De León appeared to compare Bonin’s handling of his child to Martinez holding a Louis Vuitton handbag.

De León has repeatedly apologized for his participation in the meeting, describing the handbag comment as a joke directed at Martinez’s “penchant for having luxury accessories” and saying he should have intervened at various other points in the conversation to put a stop to the racist remarks.

Resisting calls to resign, and recall efforts

Martinez resigned, and Cedillo left the council when his term ended.

But De León has said repeatedly that he has no plans to step down, citing the need for representation in his downtown and Eastside district. He was elected to the council in 2020 and has more than two years left in his term.

It’s relatively easy to launch a recall attempt in California, but triggering an election is far more difficult. Most attempted recalls fail to make it to the ballot.

Under city rules, recall backers must start the process by submitting a 300-word statement signed by five voters within the district. Several other procedural steps have to be completed within a certain timetable before signature gathering can begin.

On Tuesday, the recall was cleared to gather signatures.

Friday council chaos

De León showed up for a Los Angeles City Council meeting on Friday, triggering an uproar from his critics and supporters in the audience. It was the first time he’d been in council chambers since he leak became pubic.

De León’s return lasted only a few minutes. Council President Paul Krekorian immediately called for a recess, with protesters shouting and police officers filling the room.

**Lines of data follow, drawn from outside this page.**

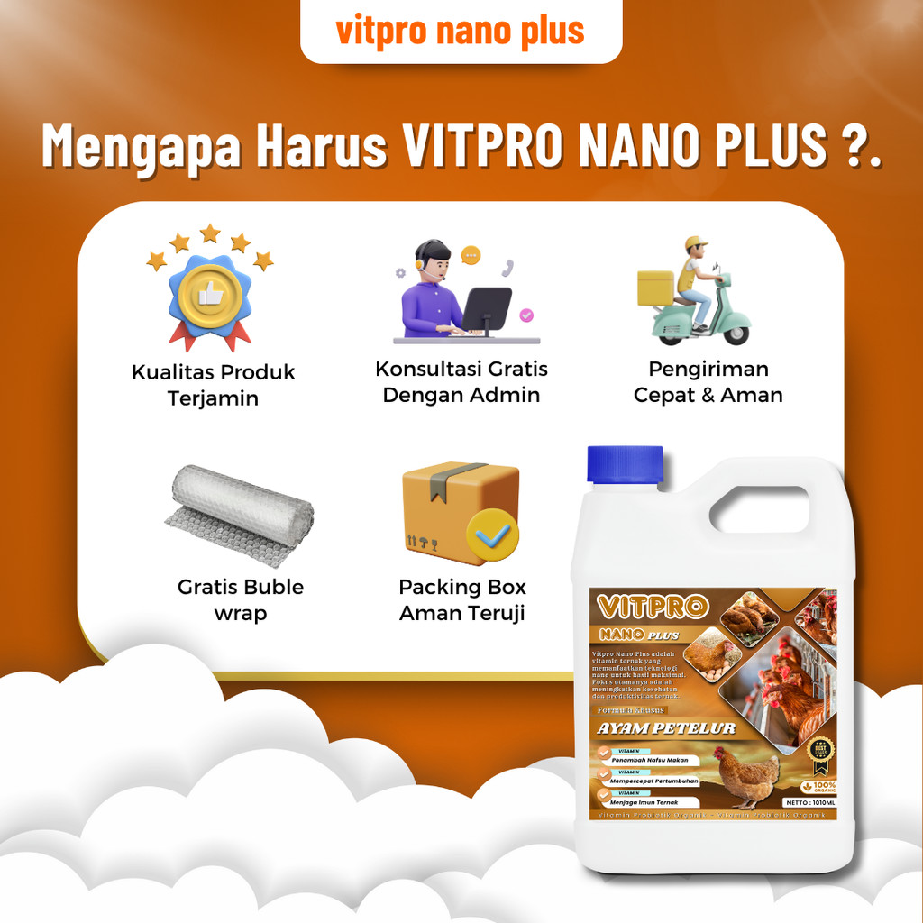 Vitpro Nano Plus Ayam Petelur – Vitamin Probiotik Penambah Produksi Telur, Nafsu Makan, Ayam Sehat Bertelur Rutin 1 lite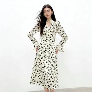 Unisex Fashion Beautiful Ruffled Floral Dress Spring New Casual V-neck Flared Sleeve Short Skirt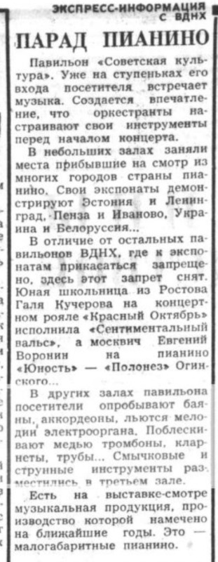 По-видимому, именно об этой "показательной" демонстрации "Ретаккорда" на ВДНХ упоминается в заметке "Парад пианино" в газете "Московская правда" от 24 августа 1965 г., с. 3 [link] : Мы порой, с волками споря, Воем в си-бемоль-миноре...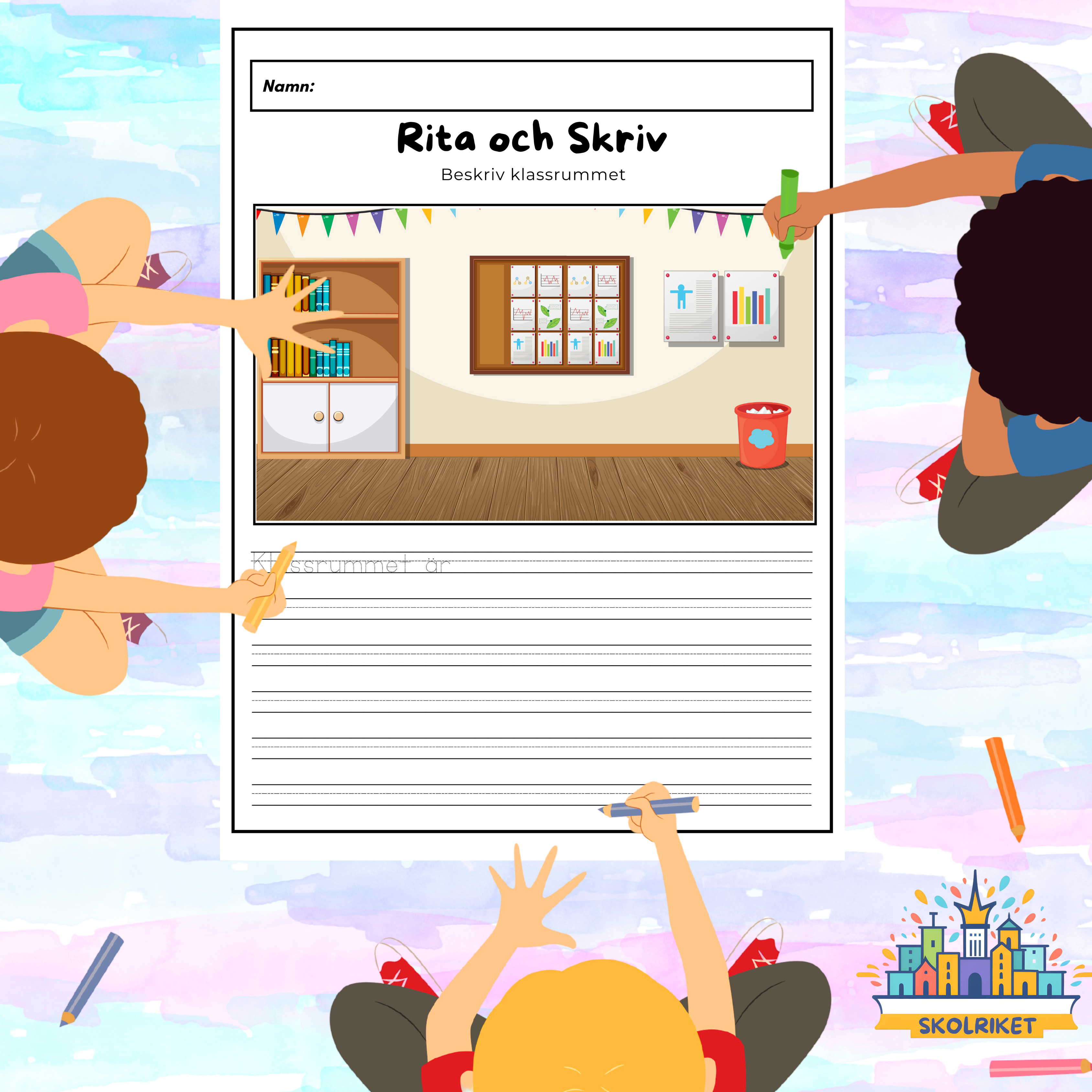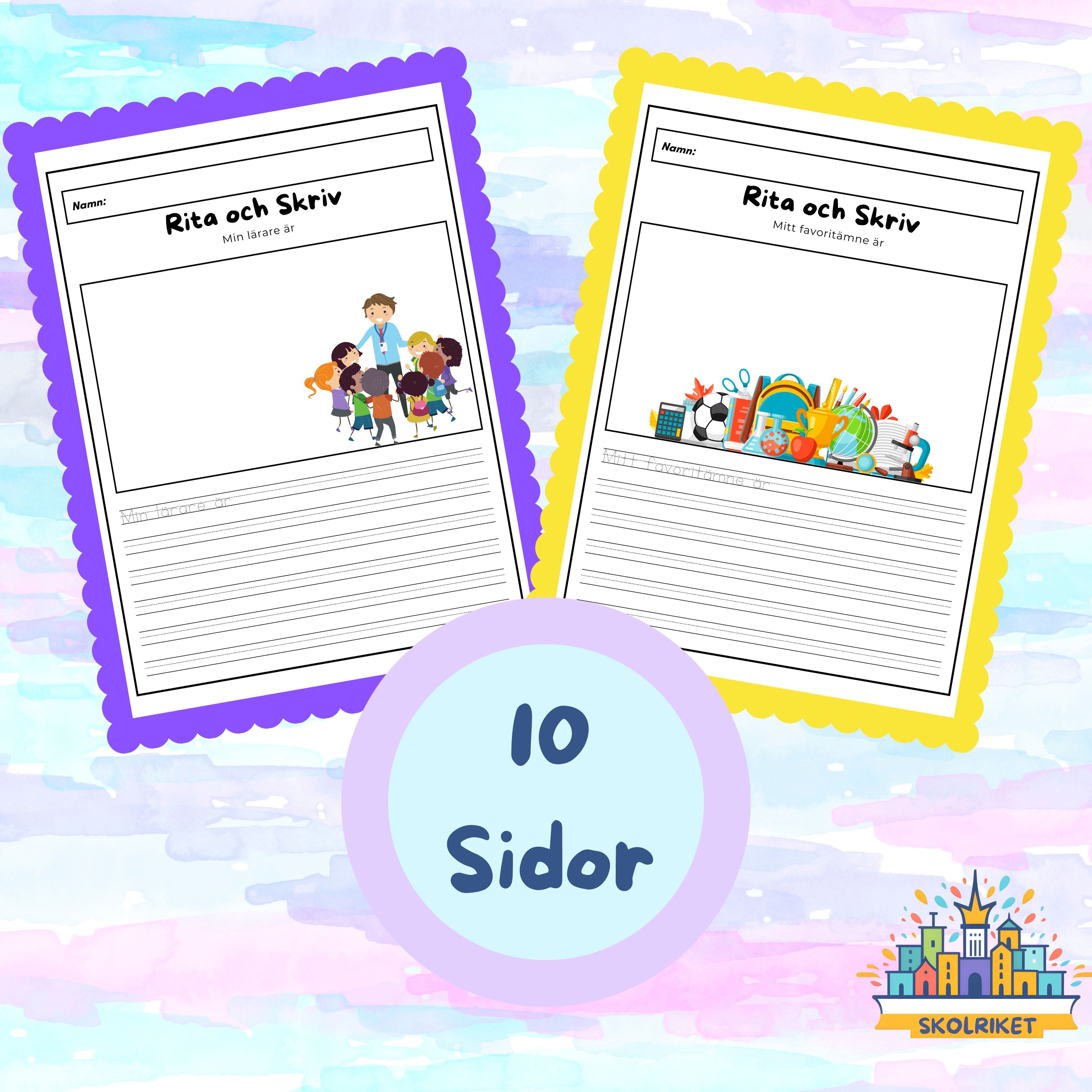 10 sidor med bilder att fortsätta rita och skriva text till.

When the council meeting resumed, De León did not return.

In a statement, the councilman said he returned to council chambers on Friday to represent his constituents, especially monolingual Spanish-speaking residents. Some of those Spanish speakers called into a council committee meeting on Thursday, only to find that bilingual translation services were not available.

“I remained out of the room after the outburst by agitators to give the council president the opportunity to regain control of the meeting and allow public comment to continue since so many of those present were my constituents,” he said. “Unfortunately, neither of those things happened.”